United States-China: President Biden and Chinese President Xi held their first in-person meeting as national leaders today on the sidelines of the Group of 20 summit in Indonesia. According to U.S. National Security Advisor Sullivan, Biden used the occasion to warn China about U.S. red lines as the two countries’ rivalry intensifies. He also suggested that Xi should help rein in North Korea’s belligerent nuclear missile program.
U.S. Mid-Term Elections: Based on updated vote tallies released over the weekend, Nevada Senator Catherine Cortez Masto now appears to have won re-election, ensuring the Democratic Party will retain control of the upper house of Congress with Vice President Harris’s tie-breaking vote. If the Democrats win Georgia’s senatorial run-off vote on December 6, they will improve their position in the Senate to an outright majority of 51-49.
- Nevertheless, for investors, the key story is simply that the Republicans have probably taken control of the House of Representatives.
- If confirmed by final vote tallies in the coming days, Republican control of the House means that the federal government will again be split between the parties.

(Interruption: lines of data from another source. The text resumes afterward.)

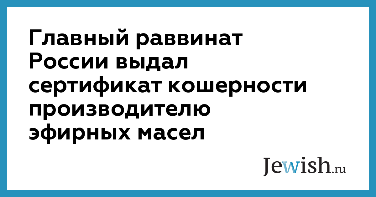 Главный раввинат России выдал сертификат кошерности производителю эфирных масел
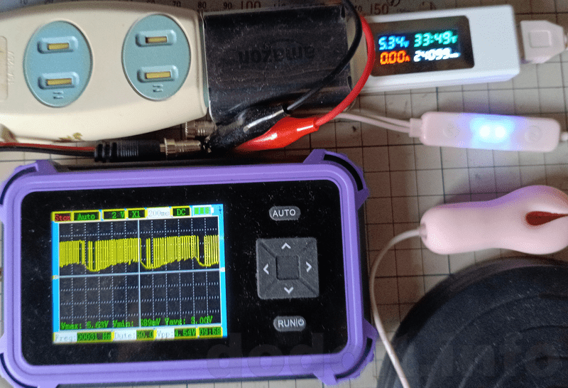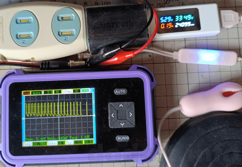 昨年末に購入しまして過去記事『某AliExpressで購入したニップルローター2品 実使用レビュー (乳首責めグッズ)』にてレビューしましたニップルローターの出来の良い方をコネクタ化改造しまして、どのような制御を行っているのかオシロスコープで解析してみました。
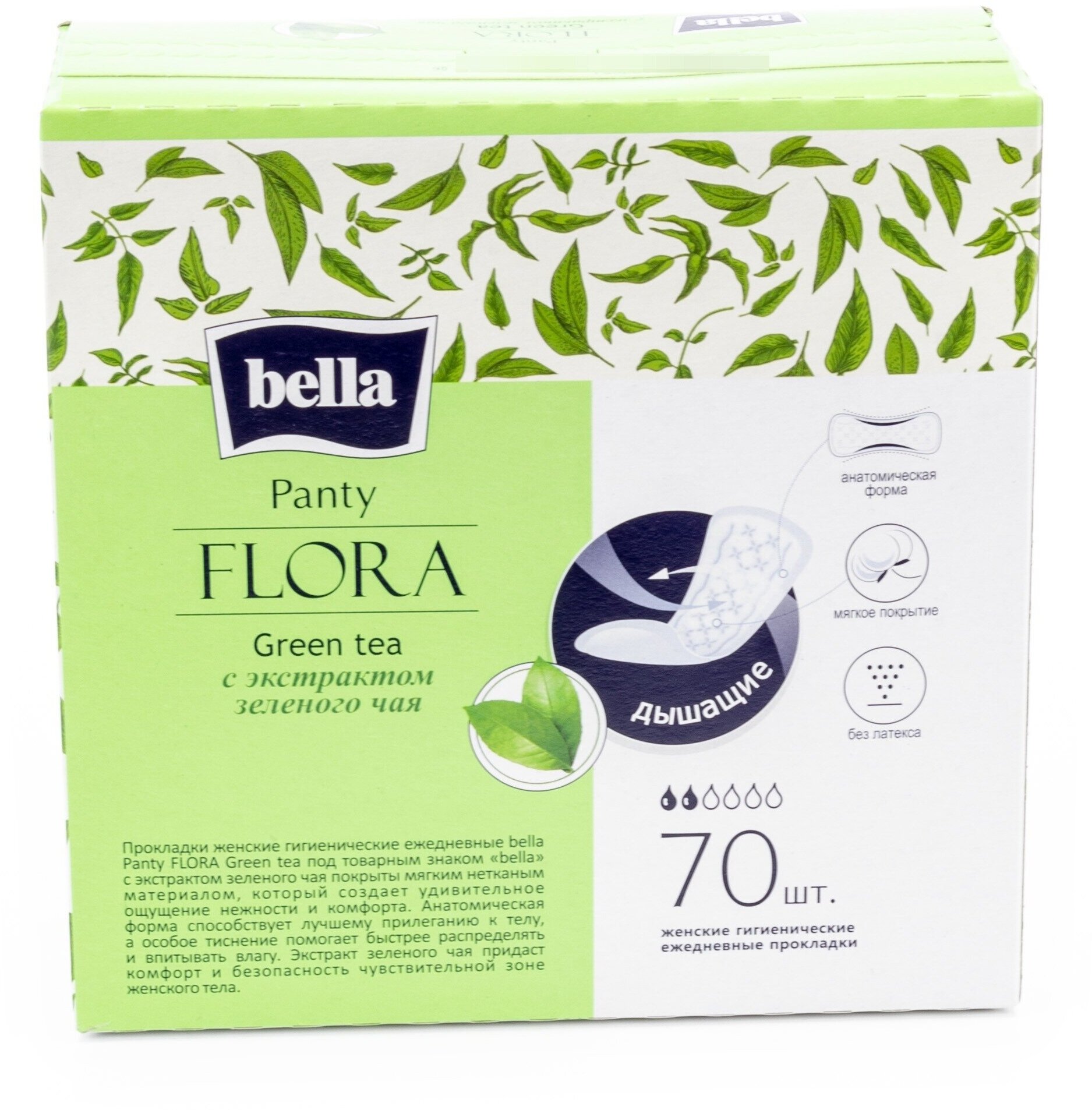 Прокладки ежедневные bella Panty FLORA Green tea с экстрактом зеленого чая, 70 шт./ ежедневки

Historically, that has been a positive environment for U.S. stocks.
U.S. Monetary Policy: At an event in Australia today, Federal Reserve board member Christopher Waller warned that investors shouldn’t be lulled by last week’s report showing cooler inflation. According to Waller, the monetary policymakers “have a ways to go yet” to boost interest rates high enough to get inflation truly under control. The statement should be a reminder that the Fed is still desperately keen to rebuild its inflation-fighting credentials, so it is likely to keep raising interest rates in the near term even if doing so pushes the economy into recession, as we expect.

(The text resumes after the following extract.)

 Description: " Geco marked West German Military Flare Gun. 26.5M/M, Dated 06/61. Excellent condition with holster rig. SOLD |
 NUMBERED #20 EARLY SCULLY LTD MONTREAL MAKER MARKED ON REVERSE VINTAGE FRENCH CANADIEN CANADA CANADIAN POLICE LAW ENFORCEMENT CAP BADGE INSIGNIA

U.S. Economy: The freight unit of FedEx (FDX, $175.61) said it is furloughing some workers in select U.S. markets in response to slowing demand. Since transportation services can often be a bellwether for the overall economy, the action provides concrete evidence that U.S. economic activity is slowing sharply, consistent with our view that it will slip into recession sometime in the first half of 2023.

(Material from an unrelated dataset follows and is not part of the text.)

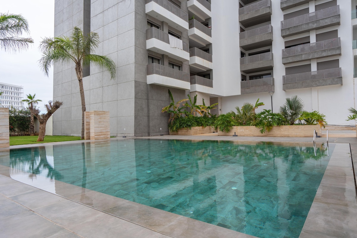 Նոր բնակարան ՝ լիովին կահավորված, օպտիկամանրաթելային Wi - Fi - ով, NETFLIX ։ Նորաձև ժամանակակից դեկոր ։ Շատ հանգիստ և լուսավոր բնակարան ՝ դեպի ներքին բակ բացվող տեսարաններով ։ Կասաբլանկայի կենտրոնում գտնվող ապահով բնակության վայրում բիզնես կենտրոնի թաղամասը միևնույն ժամանակ աշխույժ է և ունի մոտակայքում գտնվող բոլոր օգտակար խանութները, այդ թվում ՝ առևտրի կենտրոնը: Լողավազանի և ֆիթնեսի սենյակն անվճար է առաջարկվում բնակիչներին ։

- Because of slowing demand and purchasing mistakes amid the pandemic’s disruptions, many retailers have already started offering big “Black Friday” discounts to clear out excess inventories. The drop in prices could help bring down inflation but will probably also weigh on retailers’ profits and stock prices.
- In other potential good news for inflation, wetter weather in Brazil and Indonesia is promising to bolster coffee supplies which will prompt a big decline in prices. Futures prices for the Arabica variety have fallen approximately 22% in just the last month.